[Dataset entries]
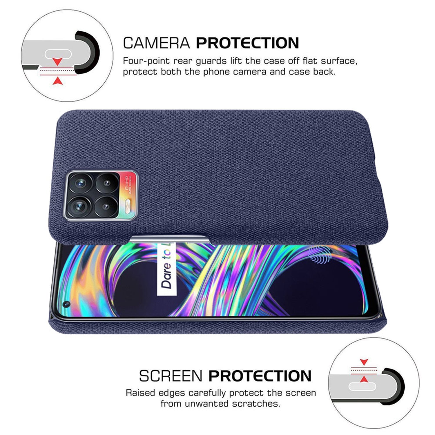 Woven Soft Fabric Case for Realme 8 Pro / Realme 8 (4G) Back Cover, Shock Protection Slim Hard Anti Slip Back Cover (Blue)
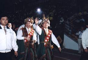 這次的運動會由屏東縣主辦,在青山柔水環繞的屏東縣裡,三十三個鄉鎮中有八個鄉鎮為原住民鄉,又以排灣族和魯凱族為主,共有六萬多人,佔全部原住民同胞的五分之一。我們看到今天的開幕典禮,由五千名原住民同胞參加演出,以配合屏東特色及魯凱族農閒豐收來慶祝,也充分展現了蘇縣長與全體縣民的熱忱,在此,我們深表感謝。
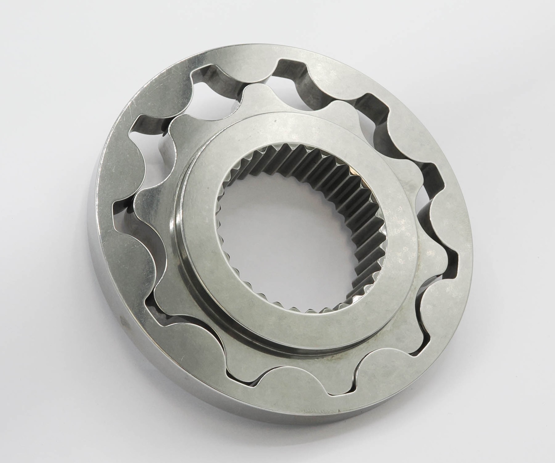 With the inner and outer gear sitting in front of you and the nose/seal diameter facing toward you, the outer gear should be laid over the inner gear with the “wave” profile in a clockwise orientation. The 2 wave “points” should be facing in the same direction (see assembly instructions).
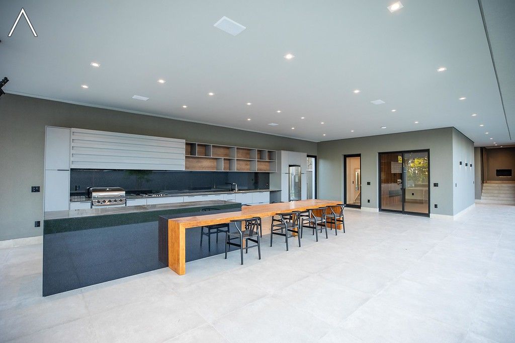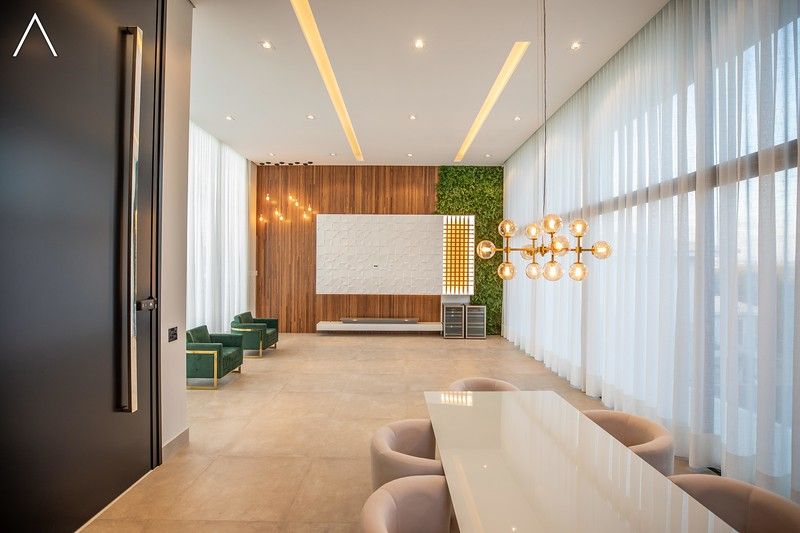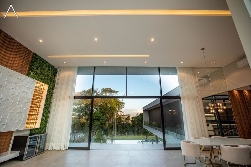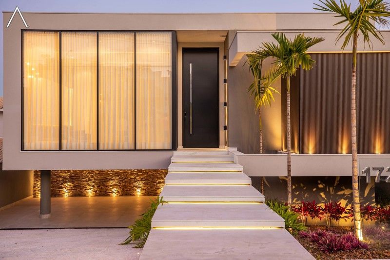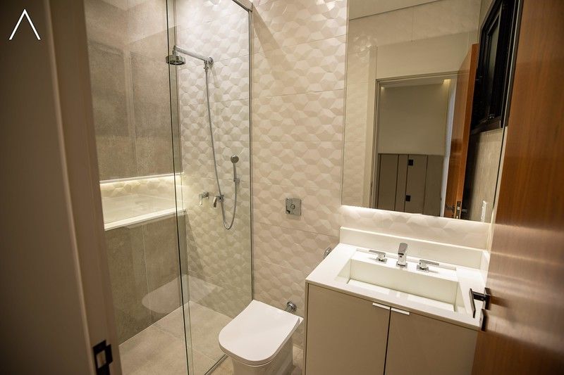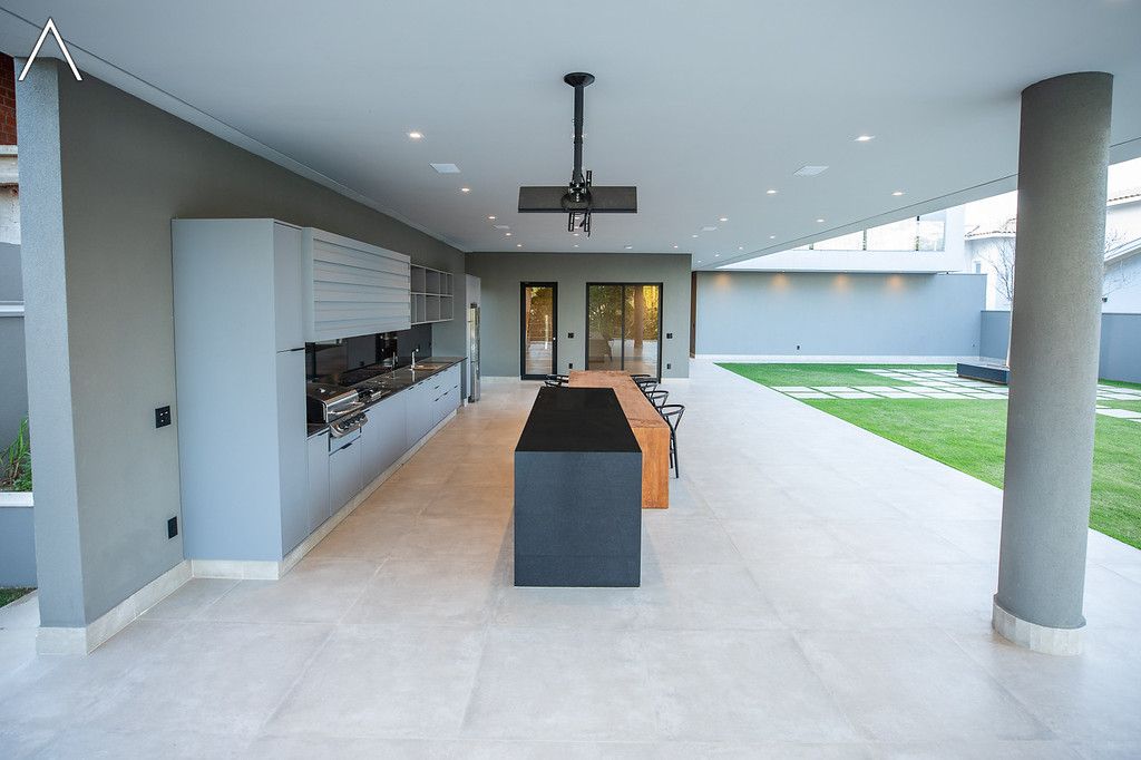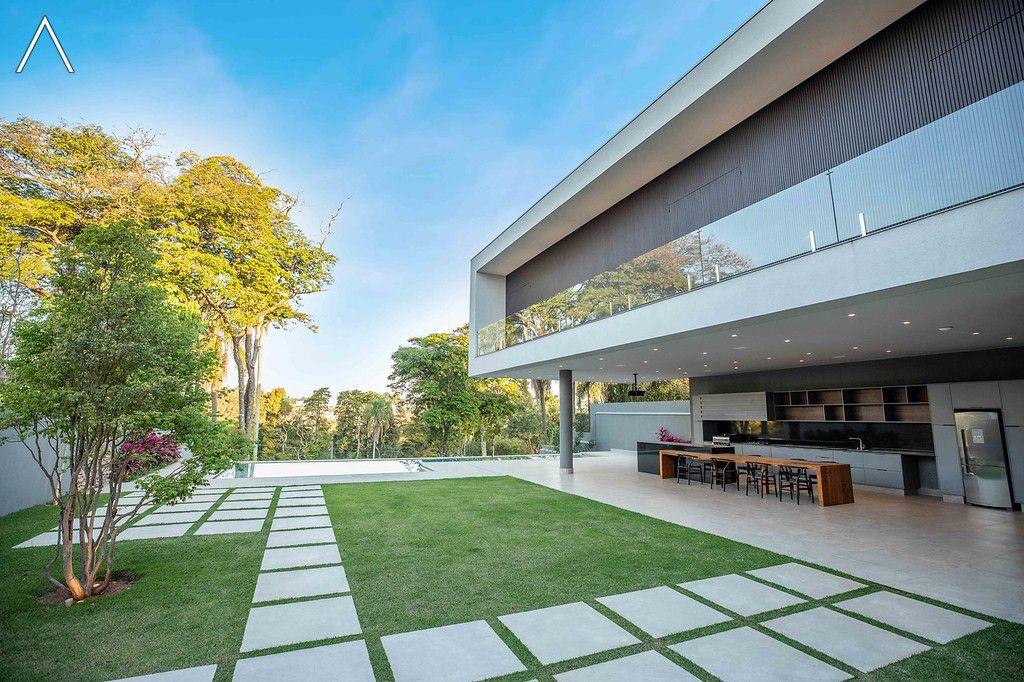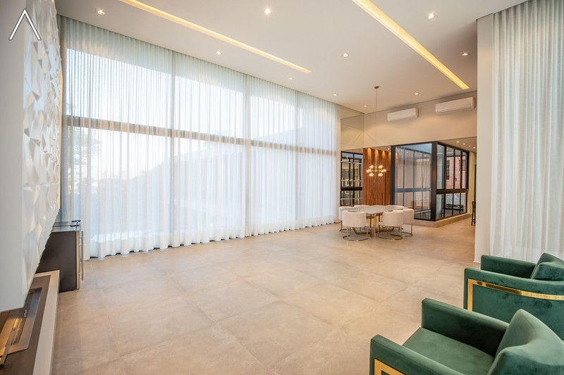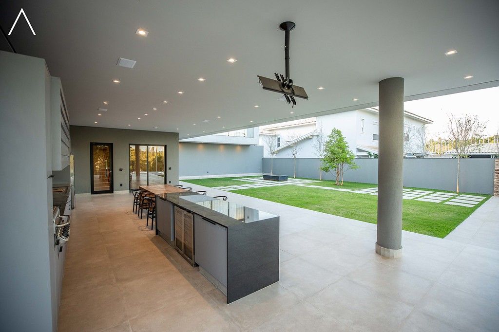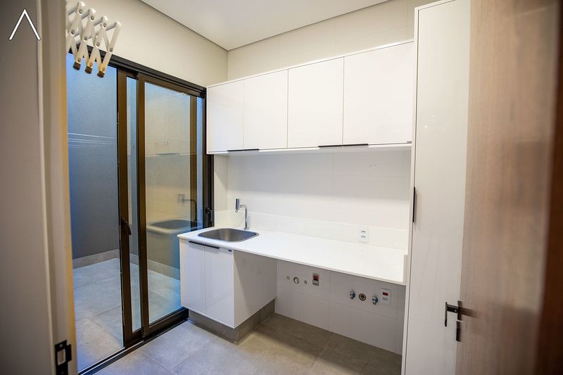 No piso térreo estão as salas de estar, jantar, cozinha planejada, lavabo, lavanderia padrão e as 4 suítes.
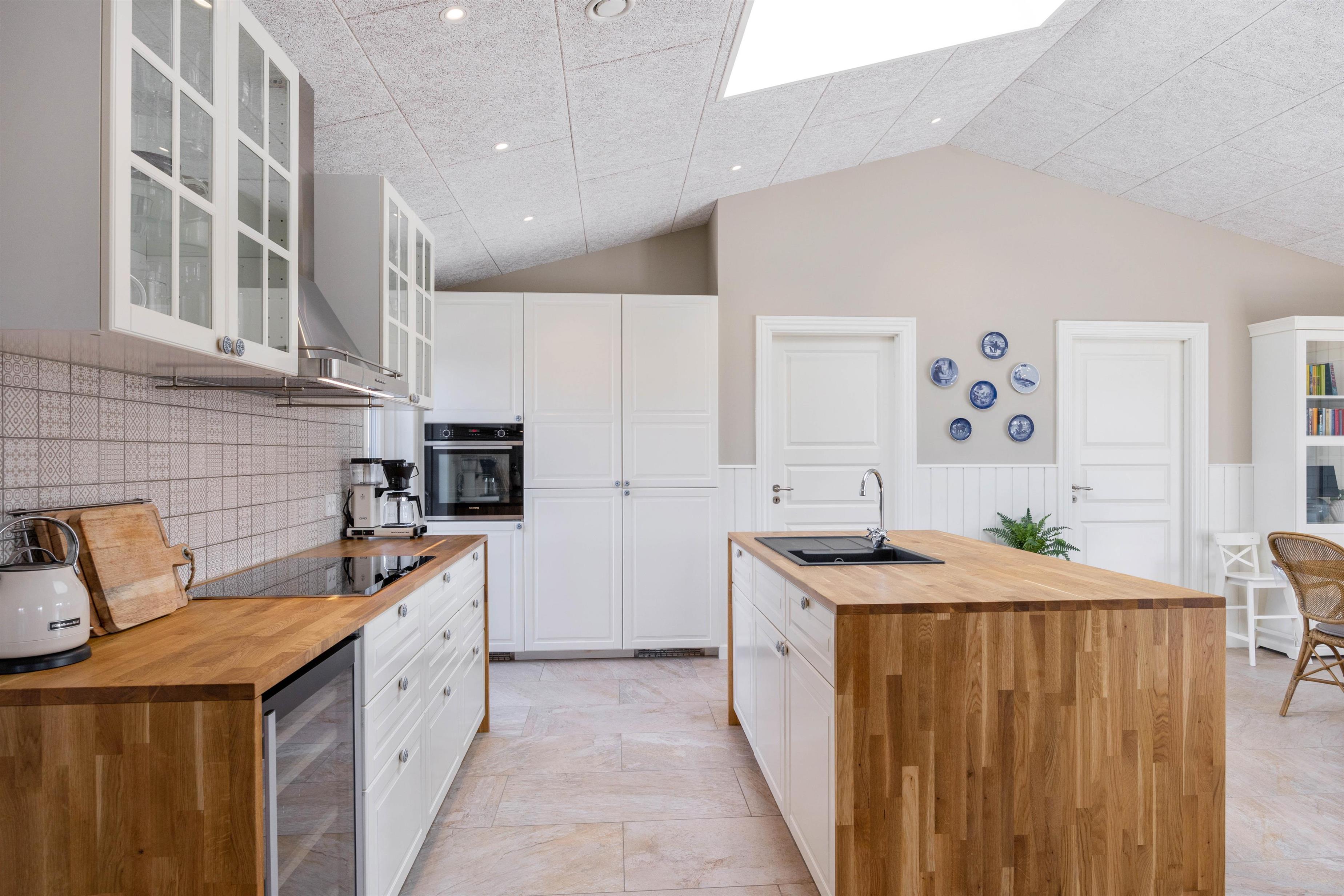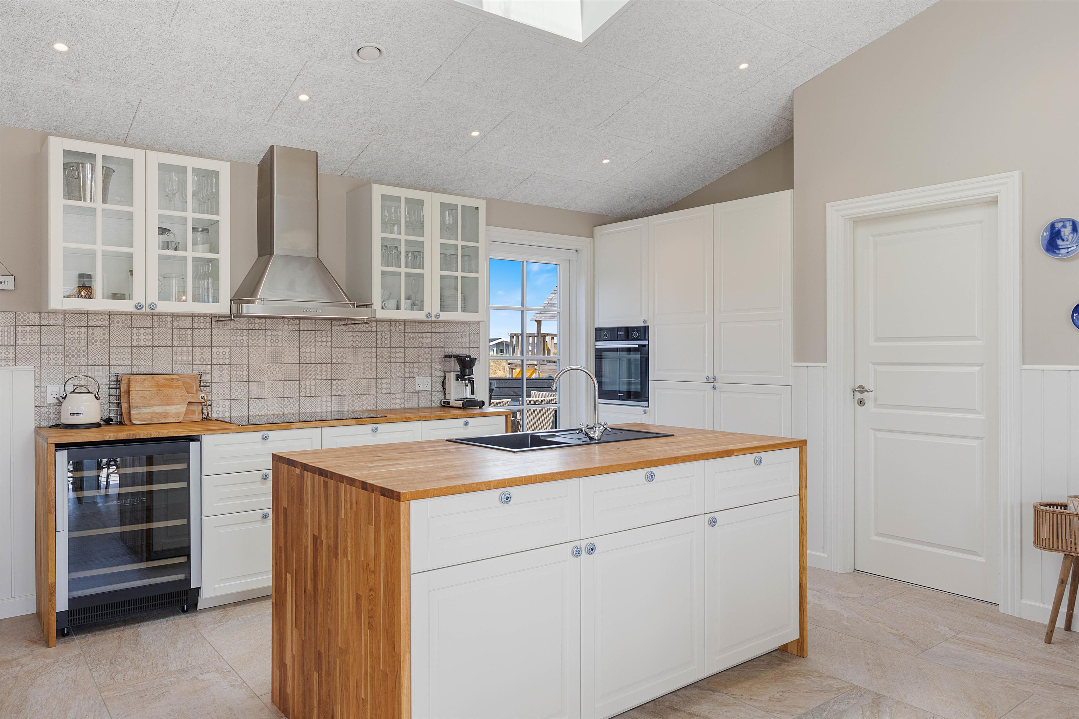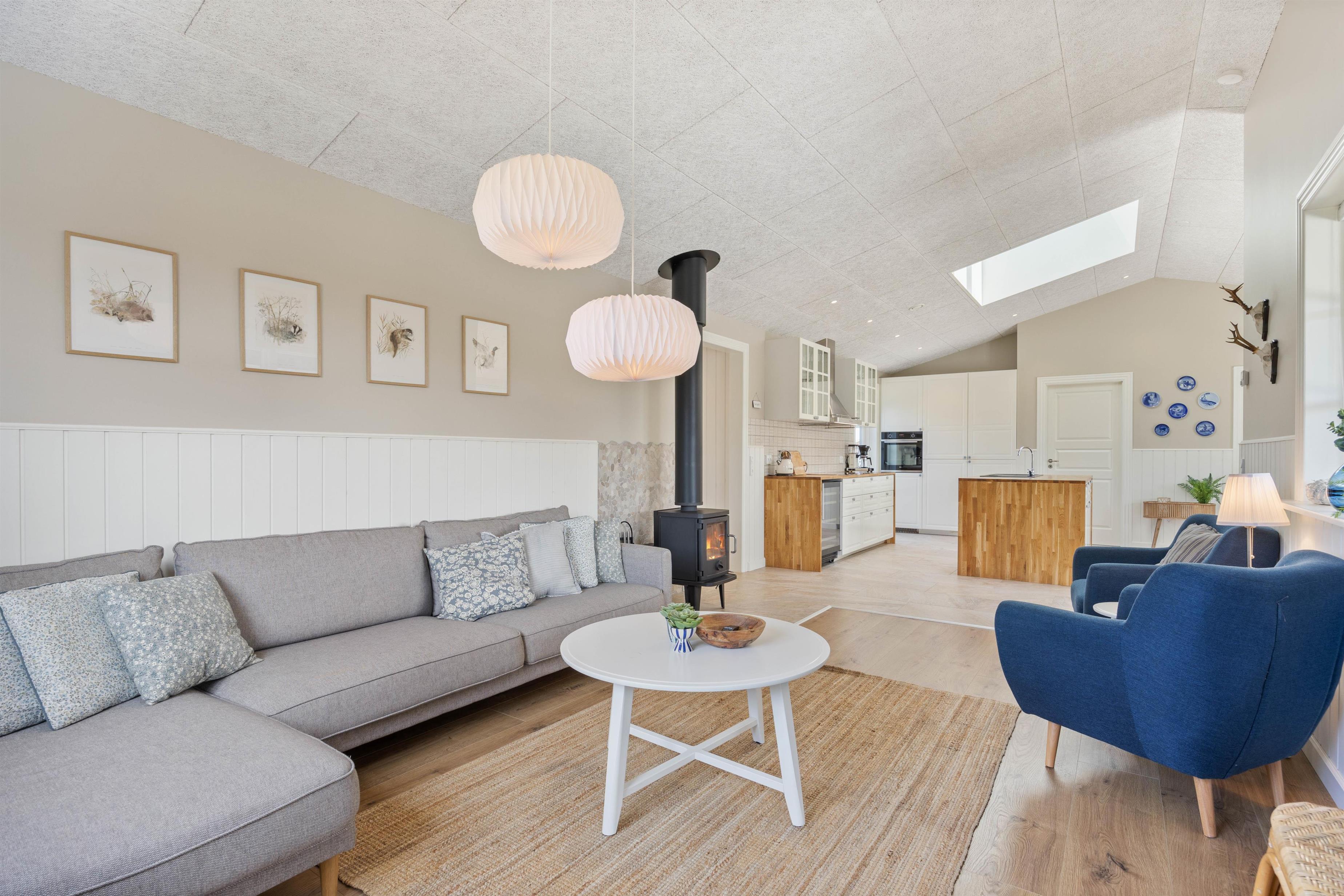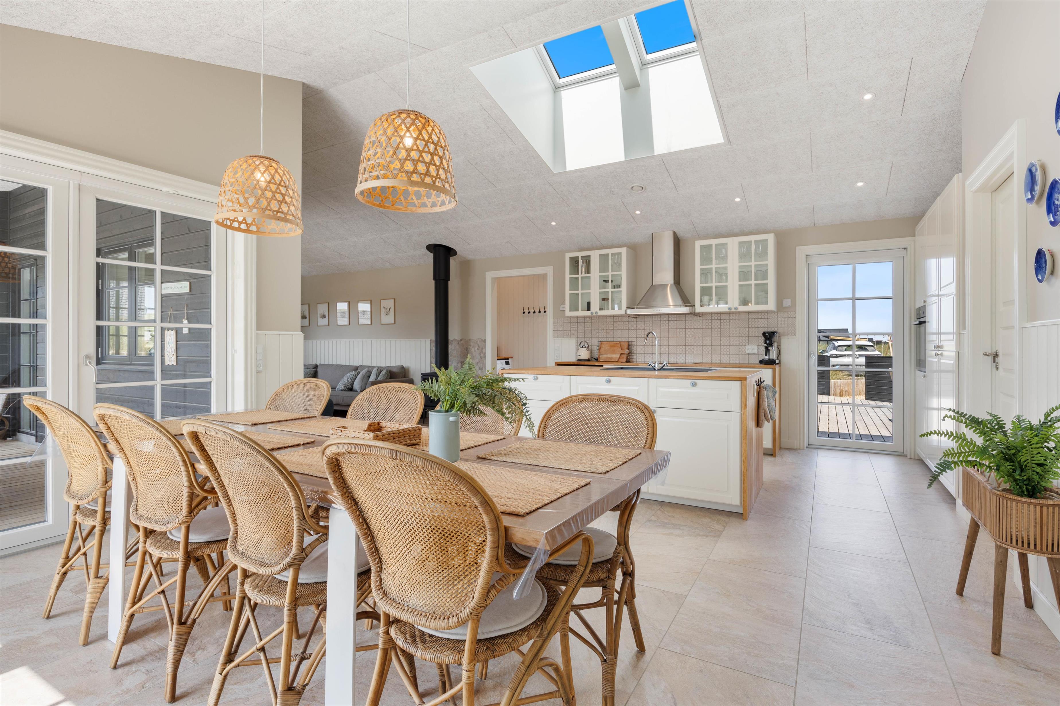 Det naturlige midtpunkt i sommerhuset på 180 m2 er det lyse og venlige køkkenalrum i forbindelse med stuen med brændeovn. I det åbne køkken finder I alle faciliteter til at frembringe lækre måltider – eventuelt egnsretter. Her kan I have mange hyggelige stunder i køkkenet, omkring spisebordet eller i stuen foran brændeovnen.

### PROMPT:
The result should hold only the lines from the line with "No piso térreo" through the final line of the records above, copied exactly, with pictures left out.

### TASK RESULT:
 No piso térreo estão as salas de estar, jantar, cozinha planejada, lavabo, lavanderia padrão e as 4 suítes.
 Det naturlige midtpunkt i sommerhuset på 180 m2 er det lyse og venlige køkkenalrum i forbindelse med stuen med brændeovn. I det åbne køkken finder I alle faciliteter til at frembringe lækre måltider – eventuelt egnsretter. Her kan I have mange hyggelige stunder i køkkenet, omkring spisebordet eller i stuen foran brændeovnen.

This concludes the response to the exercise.